## Recorded data
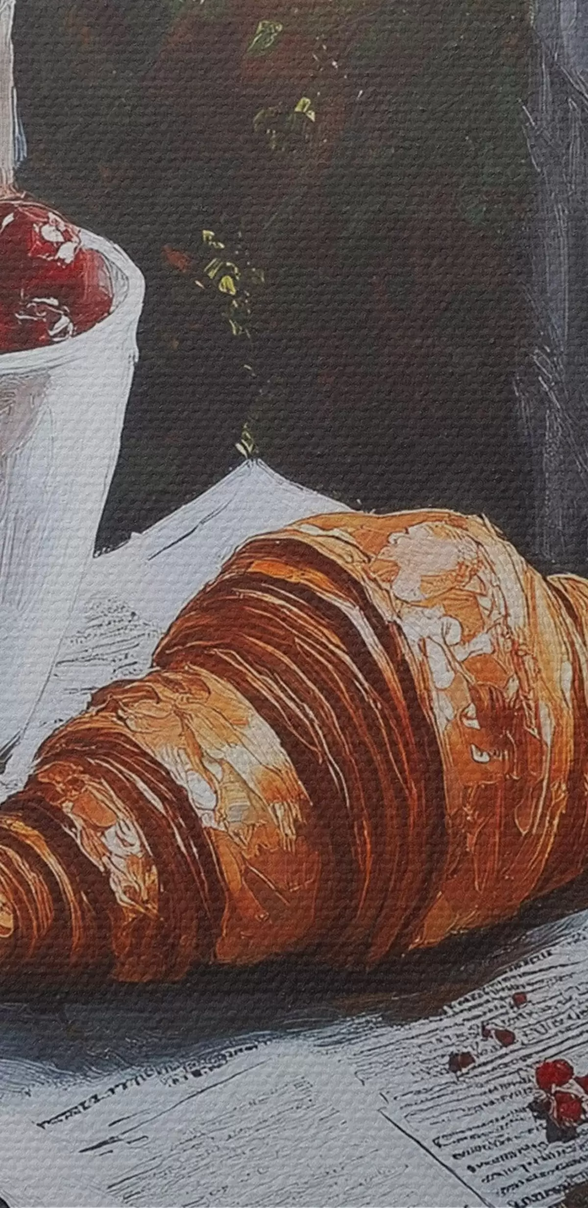 Nuotrauka Paryžiaus rytas, kava su kruasanais, miesto vaizdas, piešinys aliejiniais dažais Nr r43892
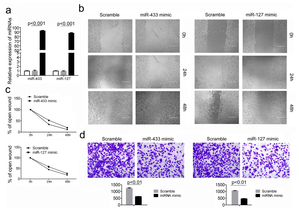 The influence of miR-433 and miR-127 on GC cell migration and invasion. (a) MiR-433 and miR-127 level were detected in HGC-27 cells after treatment with miRNA mimic or Scramble by uantitative RT-PCR; (b,c) Wound healing assays of HGC-27 cells after treatment with miRNA mimic or Scramble, The relative ratio of wound closure per field was shown in (c); (d) Transwell analysis of HGC-27 cells after treatment with miRNA mimic or Scramble, The relative ratio of invasive cells per field was shown below.
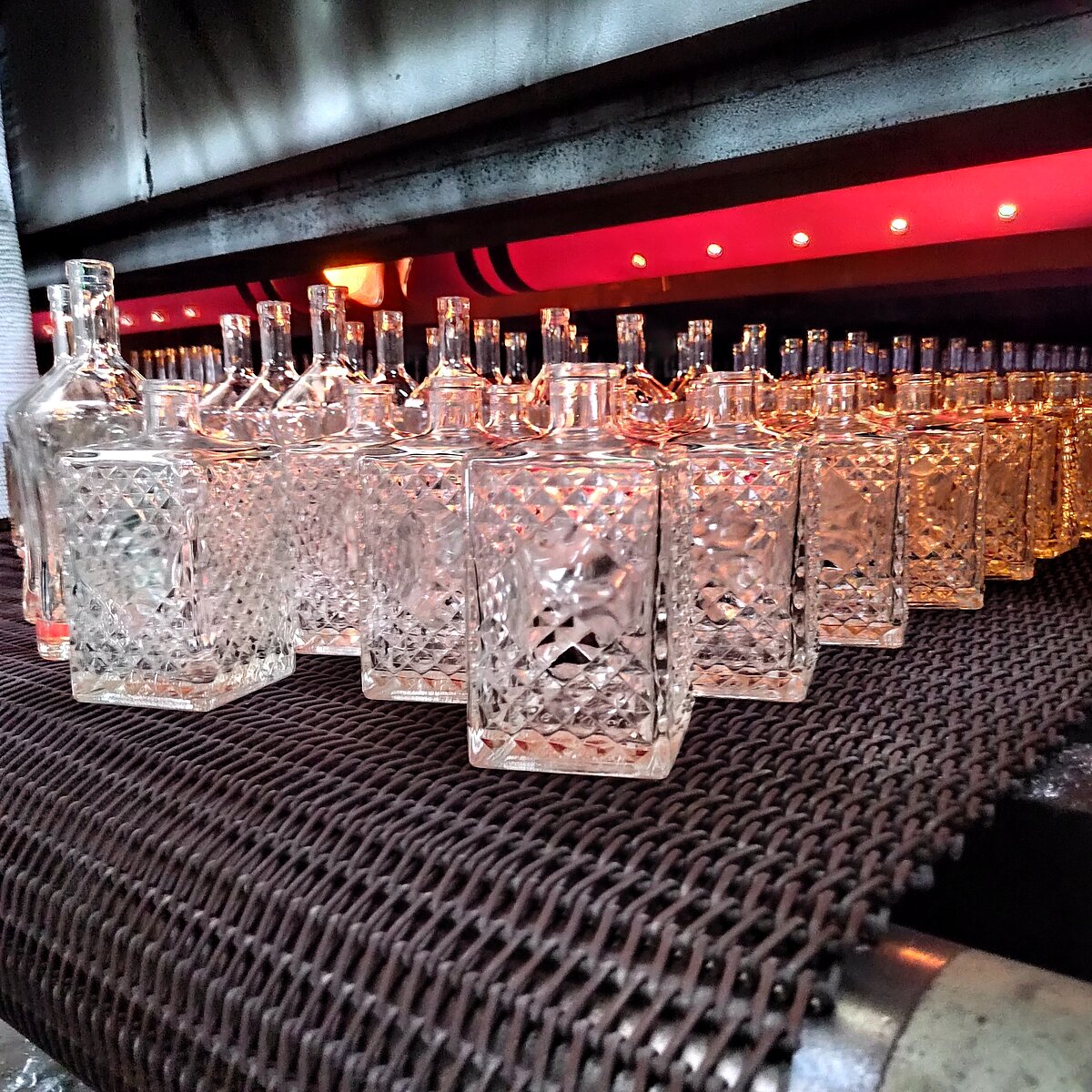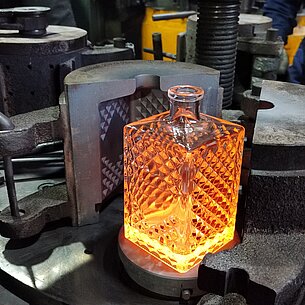 During production, glass is heated in a furnace that reaches 1600 degrees Celcius (2900 degrees Fahrenheit), until it becomes molten. The molten glass is poured into the customized mold to take shape. The annealing process of cooling the glass within the mold begins, in order to relieve it of any internal stresses, thus making it more durable. After the bottle has cooled, it is removed from the mold and sent to the finishing station.

## What you need to do
Write the listing again exactly, duplicating every line and skipping the pictures.

## Completed task
 Nuotrauka Paryžiaus rytas, kava su kruasanais, miesto vaizdas, piešinys aliejiniais dažais Nr r43892
 The influence of miR-433 and miR-127 on GC cell migration and invasion. (a) MiR-433 and miR-127 level were detected in HGC-27 cells after treatment with miRNA mimic or Scramble by uantitative RT-PCR; (b,c) Wound healing assays of HGC-27 cells after treatment with miRNA mimic or Scramble, The relative ratio of wound closure per field was shown in (c); (d) Transwell analysis of HGC-27 cells after treatment with miRNA mimic or Scramble, The relative ratio of invasive cells per field was shown below.
 During production, glass is heated in a furnace that reaches 1600 degrees Celcius (2900 degrees Fahrenheit), until it becomes molten. The molten glass is poured into the customized mold to take shape. The annealing process of cooling the glass within the mold begins, in order to relieve it of any internal stresses, thus making it more durable. After the bottle has cooled, it is removed from the mold and sent to the finishing station.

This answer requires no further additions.